Although this practice has largely been abandoned today, some older Shanghainese residents still insist on having their medicines prepared the traditional way at local pharmacies. In the opinions of these stalwarts, good medicines must be prepared slowly in earthen pots, rather than prepared and packaged for mass-consumption.
Soaking, cooking, filtering and second cooking are all essential steps in the TCM-making process, with a single dose often taking up to one hour to prepare. Some rich families had a maid to handle this process.
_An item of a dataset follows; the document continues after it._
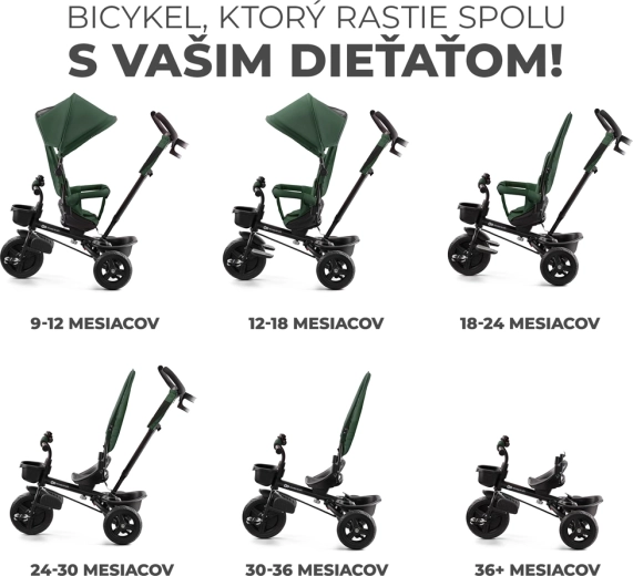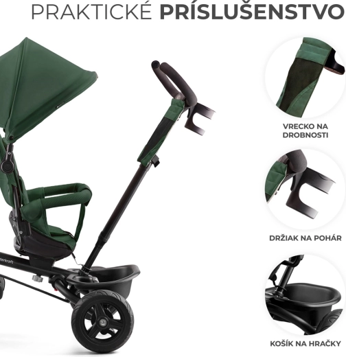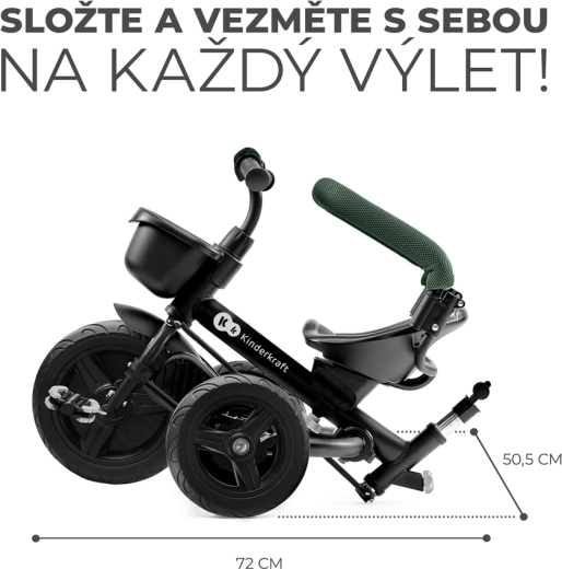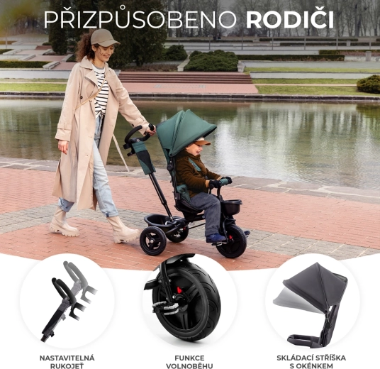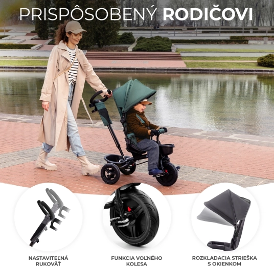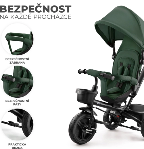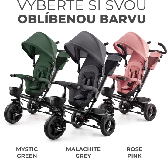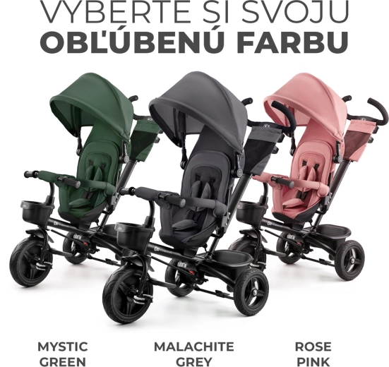 Tricicleta pentru copii Kinderkraft Aveo în culoarea Mystic Green este o soluție inteligentă pentru copiii de la 9 luni până la aproximativ 5 ani. Oferă scăunel rotativ, orientat atât spre față, cât și spre spate, roți antipana, fără întreținere pentru diverse tipuri de teren și pliare rapidă pentru transport și depozitare ușoare. Pentru siguranță maximă, include centuri în 3 puncte, bară de siguranță și spătar înalt. Părinții vor aprecia mânerul reglabil cu posibilitate de blocare a direcției și accesoriile practice, inclusiv coșulețe și suport de băutură.

In common families, the wife might handle medicine prep.
After consumption, some local families would toss the decoction dregs on busy streets, in hopes that the illness would be trampled by passing pedestrians, and unable to make trouble again.
As for the requirements of more complicated preparations, such as making gaofang (oral herbal paste) reinforcements in winter, specialized door-to-door preparation services appeared in the 1980s.
Pharmacists were invited to a family’s home with their tools and herbs, and often lived there until the paste was completed.
“It took at least three whole days to complete a gaofang product for a month-long dose; and families preferred the pastes produced in their own homes. They wanted to make sure that they got all the expensive ingredients they were promised,” says Chen Weiming, a pharmacist who’s worked at Yueyang TCM Hospital since the 1980s.